__EXERCISE OBJECTIVE__
Pictures excluded, return the lines below from the first through the line holding "Nevada Plus Wall".

__DATASET SECTION__
>>>>

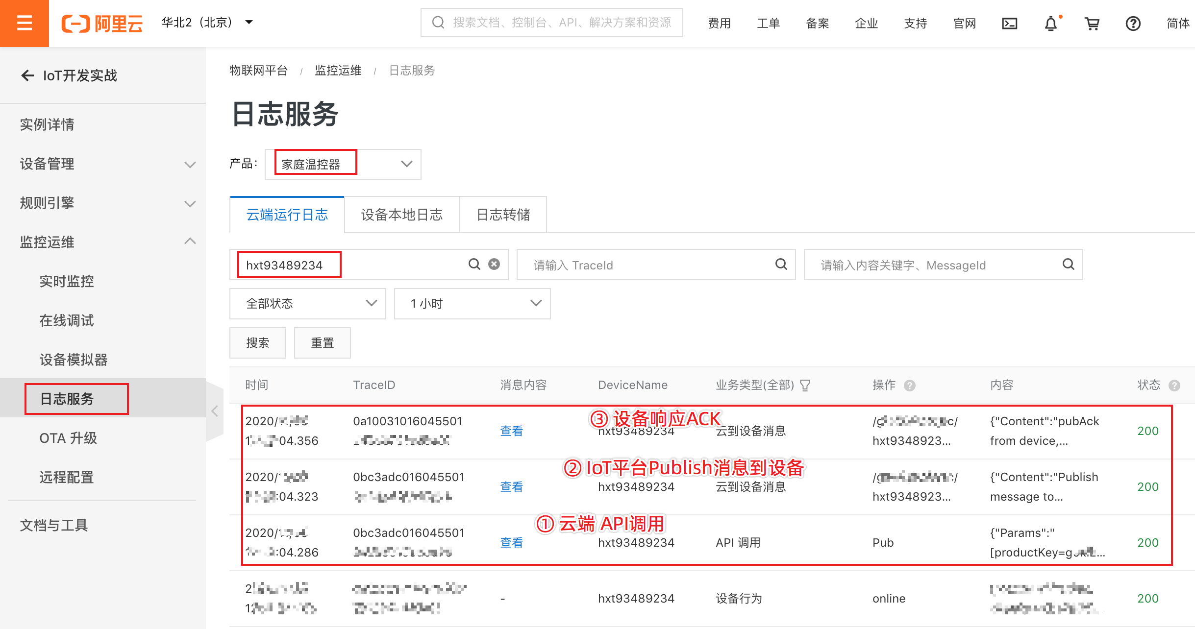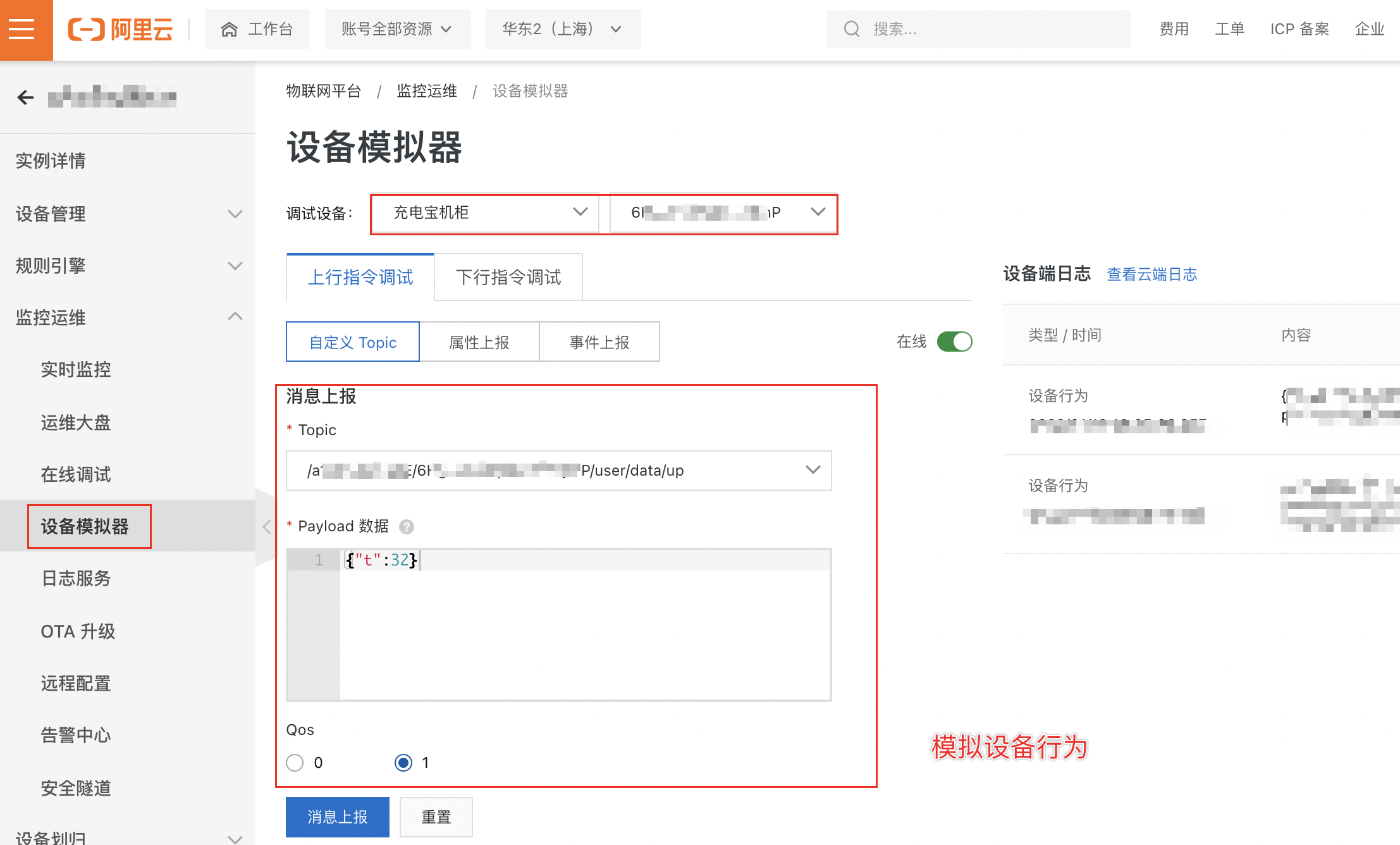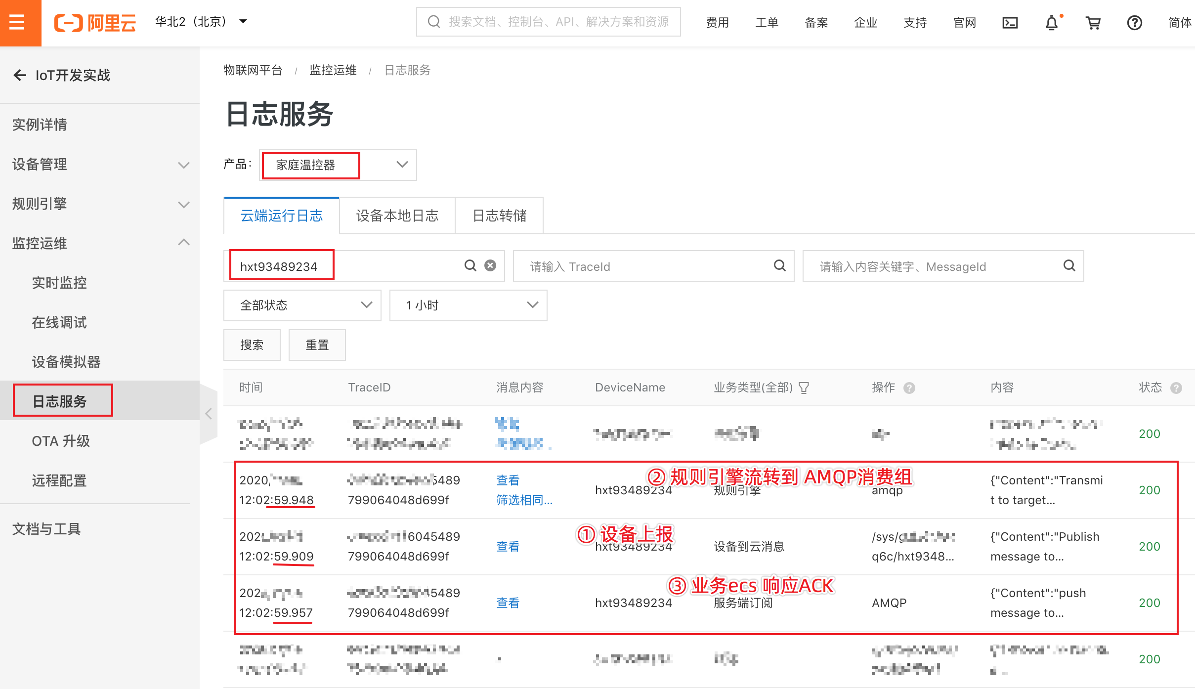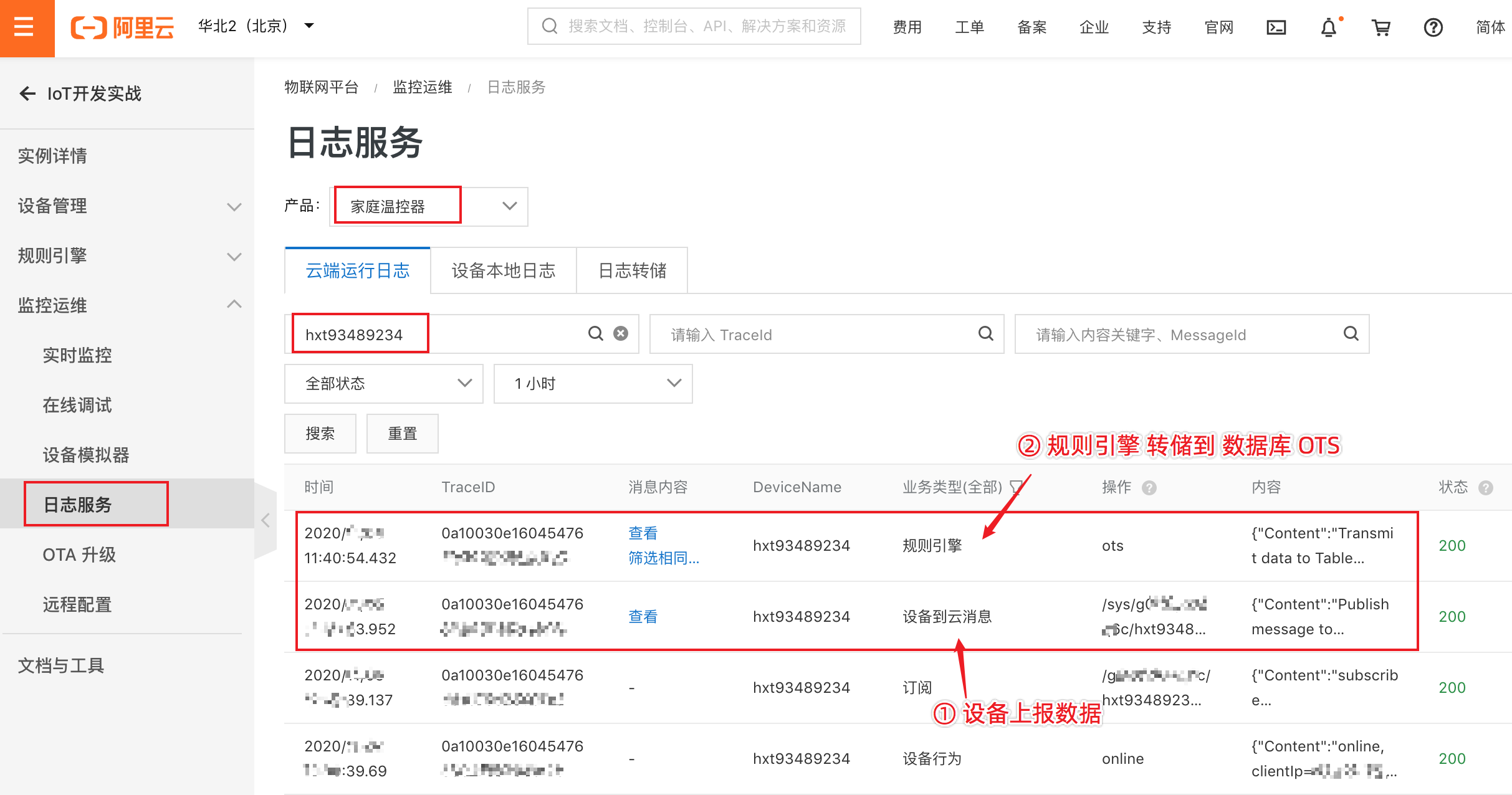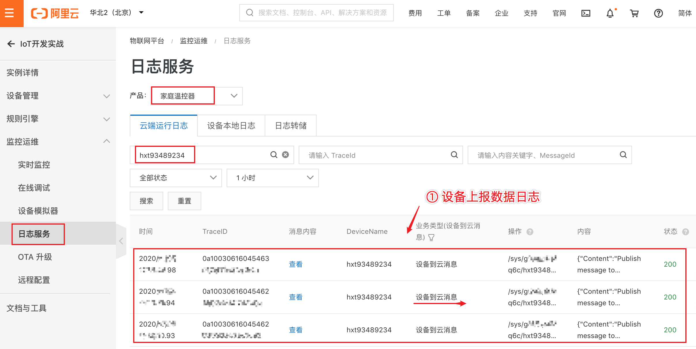 在监控运维的日志服务里,也可以看到设备上报数据的日志。如下图:
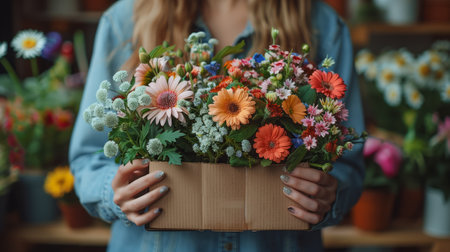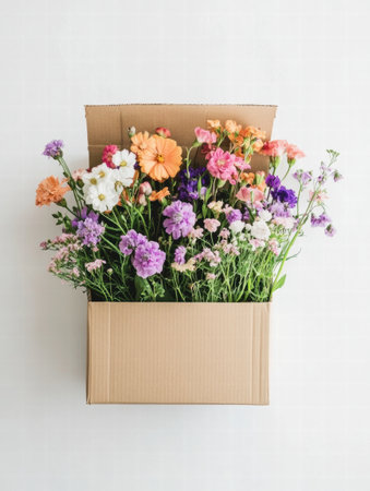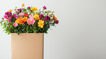 Bright and vibrant fresh flowers fill a cardboard box on a clean surface, perfect for gifting with ample space for personalization.
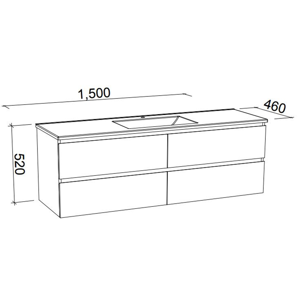 Nevada Plus Wall Hung Vanty 1500mm single bowl Silk Surf Top Above Counter Basin
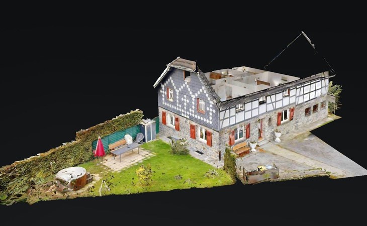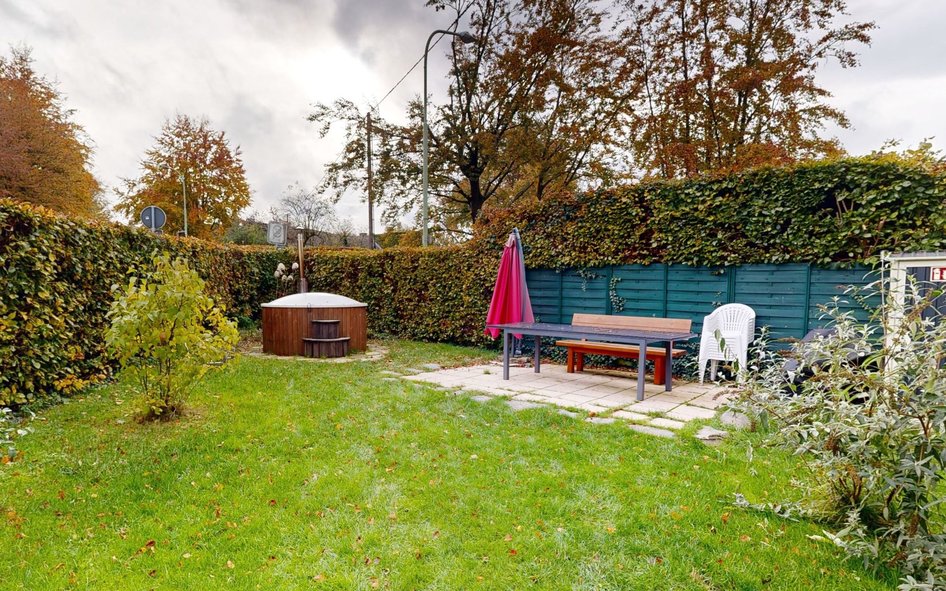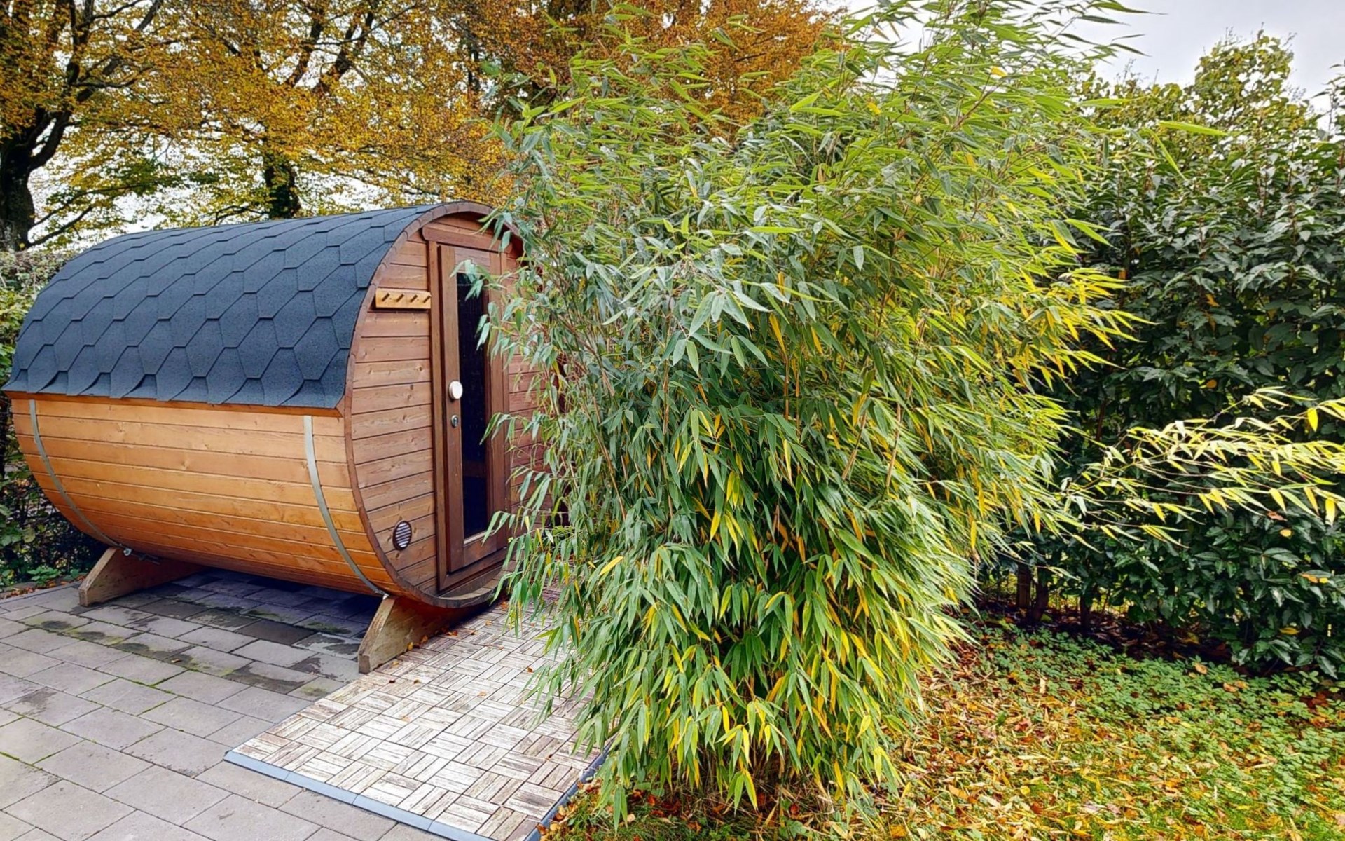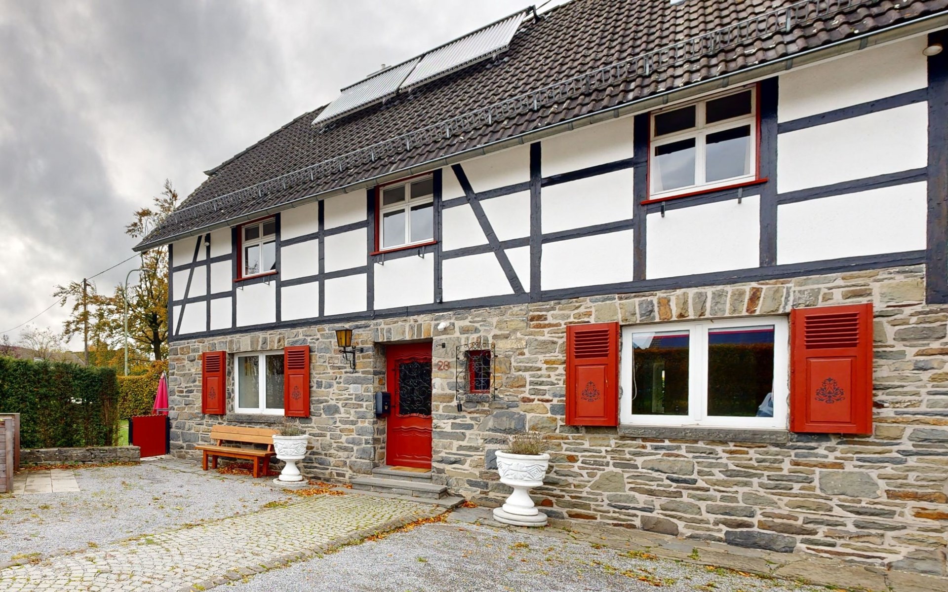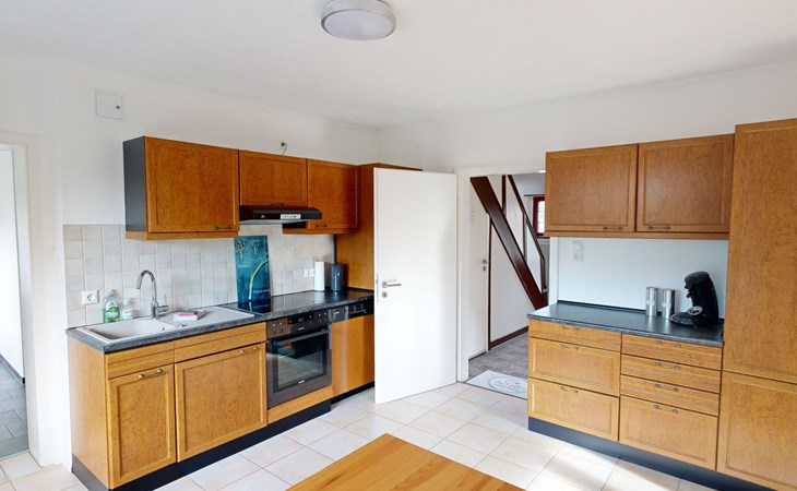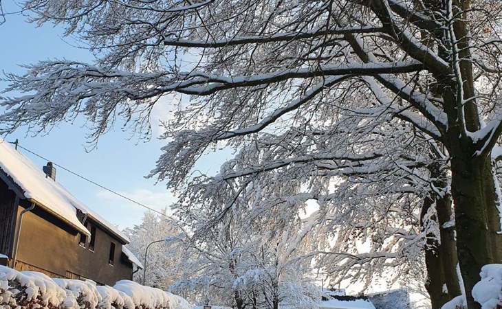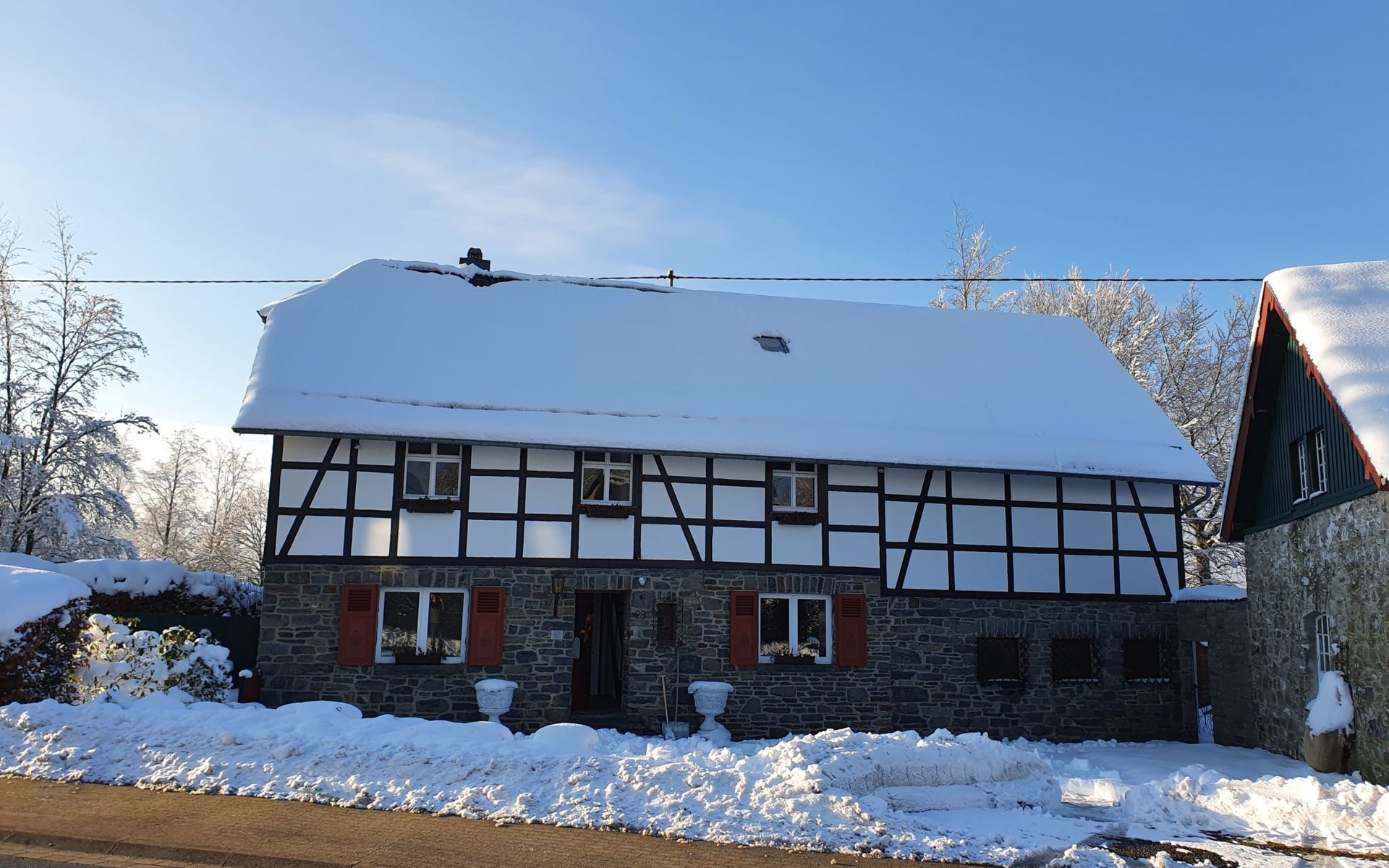 Dreamlike former farmhouse for 10-12 people in Monschau-Höfen Are you looking for a sustainable holiday home in the middle of the beautiful nature of the Eifel, where you can spend a cosy (short) holiday with up to 12 people? Would you also like to enjoy a little wellness in a sauna and a wood-fired hot tub? Then welcome to the Eifel Oasis Monschau.On two floors, the house offers 5 bedrooms with a total of 12 beds; 4 double beds (2 x 160 cm; 2 x 200 cm) and 1 bunk bed ensure a good night's sleep. There is also a sofa bed in 2 of the bedrooms to accommodate a maximum of 2 more people. In a large living room, 2 kitchens, a dining room and 2 bathrooms plus guest toilet, our guests have plenty of space in the house.both kitchens are fully equipped with electric cooker, oven and dishwasher as well as a microwave.in order to take account of the sustainability concept, we have implemented numerous measures, such as a modern pellet heating system, solar thermal energy, biodegradable detergents and cleaning agents, green electricity from Lichtblick, and of course waste separation.a TV set is of course part of the basic equipment of the Eifel Oasis. Younger guests are also catered for: a Playstation 4 with games for the older children is available, as is free Wi-Fi for exclusive use throughout the house (100 Mbit). Toys, a travel cot and a high chair are available for younger guests. Various toys and books are also freely available to our guests, as well as amenities such as a washing machine, iron and ironing board, and dogs are welcome on request. Bowls and a bed are available in the house if required.The outdoor areas of the Eifel Oasis are also spacious: two gardens with a sauna, a hot tub, plenty of seating and a charcoal barbecue promise relaxing moments. There are also 3 car parking spaces directly in front of the house. Use of the sauna is included per stay (usage times 08:00 to 22:00).Wellness area with barrel sauna and hot tub.The Eifel-Oase holiday home is less than 4 kilometres from the historic old town of Monschau and offers a wide range of leisure activities such as hiking, cycling and sightseeing on the edge of the Eifel National Park - Tor Höfen. The Vennradweg, the Eifelsteig, Vogelsang Castle and the Monschau Mustard Museum are all within easy reach of the holiday home. In winter, the beautiful Christmas market in the medieval old town is also enchanting. Regular shuttle buses ensure a smooth arrival and departure.

<<<<

__ANSWER TO THIS PROBLEM__
 在监控运维的日志服务里,也可以看到设备上报数据的日志。如下图:
 Bright and vibrant fresh flowers fill a cardboard box on a clean surface, perfect for gifting with ample space for personalization.
 Nevada Plus Wall Hung Vanty 1500mm single bowl Silk Surf Top Above Counter Basin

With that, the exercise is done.